- WHAT IS EXPECTED
In the records that follow, find the line containing "Log-sleeve oversized cotton" and the line containing "新研制成功的芳纶防弹布、浸胶", then transcribe both and every line between them exactly, omitting pictures.

- GIVEN RECORDS
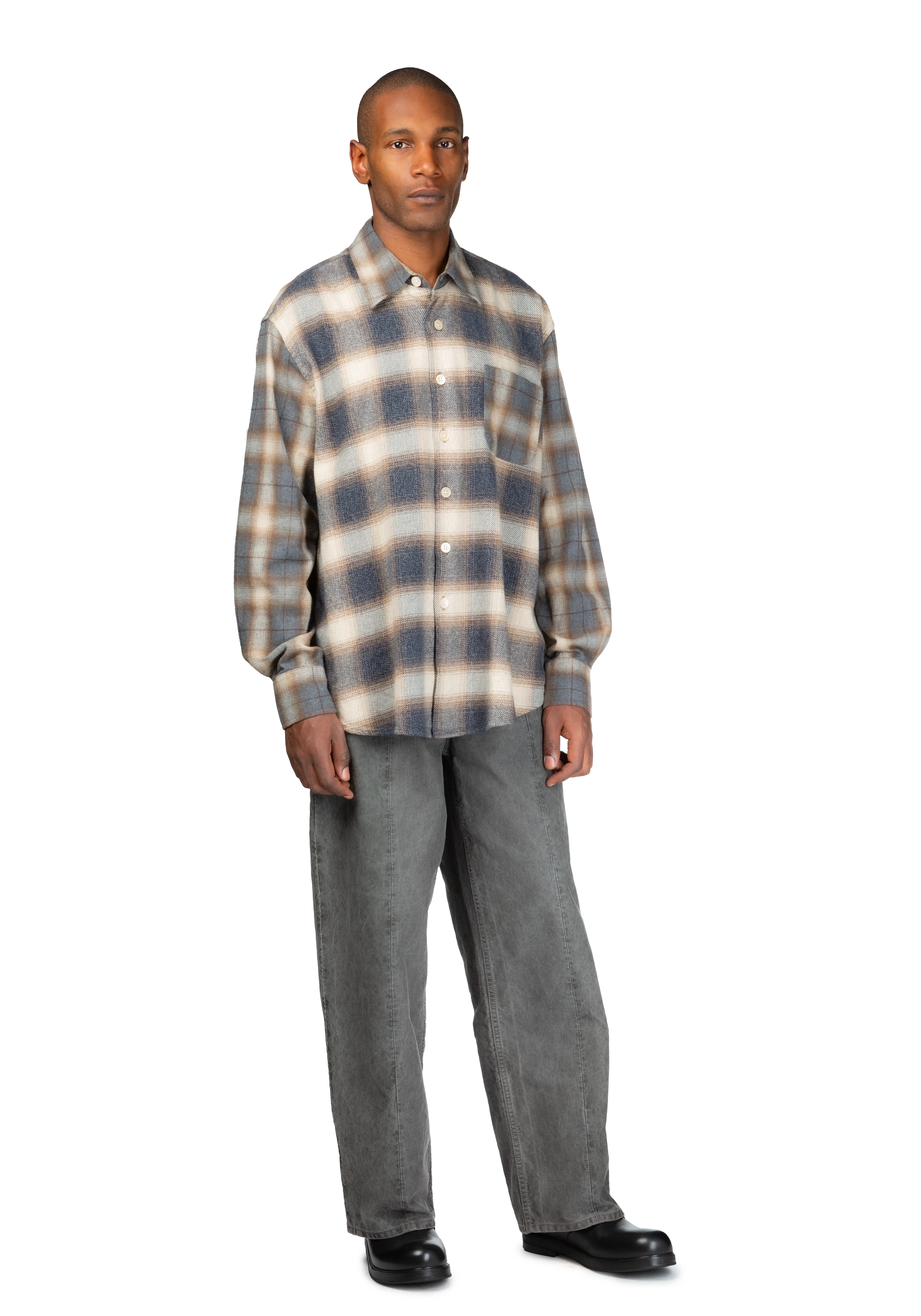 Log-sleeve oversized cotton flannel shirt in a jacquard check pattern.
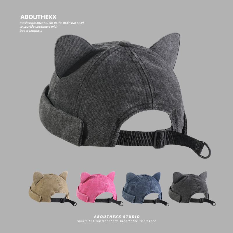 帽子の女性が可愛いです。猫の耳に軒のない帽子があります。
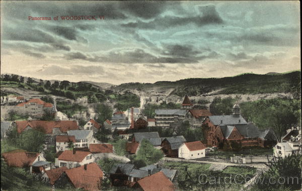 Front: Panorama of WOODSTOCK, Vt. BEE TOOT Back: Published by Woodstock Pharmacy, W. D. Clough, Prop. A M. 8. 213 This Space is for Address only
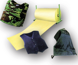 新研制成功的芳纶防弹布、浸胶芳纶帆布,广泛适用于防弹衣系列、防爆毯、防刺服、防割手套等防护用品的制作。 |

* * *

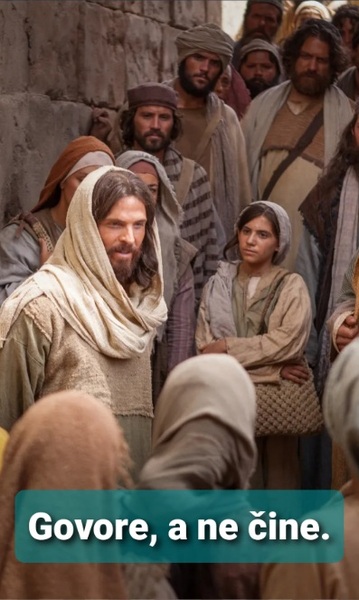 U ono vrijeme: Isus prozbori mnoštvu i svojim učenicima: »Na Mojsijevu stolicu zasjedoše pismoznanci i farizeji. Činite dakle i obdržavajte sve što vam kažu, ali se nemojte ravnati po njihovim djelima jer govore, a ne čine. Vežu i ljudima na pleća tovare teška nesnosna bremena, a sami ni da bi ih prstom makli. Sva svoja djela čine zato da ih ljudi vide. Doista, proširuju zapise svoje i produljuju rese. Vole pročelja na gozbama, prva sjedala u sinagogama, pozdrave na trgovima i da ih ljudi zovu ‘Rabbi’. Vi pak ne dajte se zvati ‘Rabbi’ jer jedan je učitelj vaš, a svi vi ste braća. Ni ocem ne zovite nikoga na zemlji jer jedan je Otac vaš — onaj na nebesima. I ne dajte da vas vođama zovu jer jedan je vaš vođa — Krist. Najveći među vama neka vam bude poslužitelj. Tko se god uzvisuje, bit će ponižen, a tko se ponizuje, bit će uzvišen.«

- ANSWER TO THIS EXERCISE
 Log-sleeve oversized cotton flannel shirt in a jacquard check pattern.
 帽子の女性が可愛いです。猫の耳に軒のない帽子があります。
 Front: Panorama of WOODSTOCK, Vt. BEE TOOT Back: Published by Woodstock Pharmacy, W. D. Clough, Prop. A M. 8. 213 This Space is for Address only
 新研制成功的芳纶防弹布、浸胶芳纶帆布,广泛适用于防弹衣系列、防爆毯、防刺服、防割手套等防护用品的制作。 |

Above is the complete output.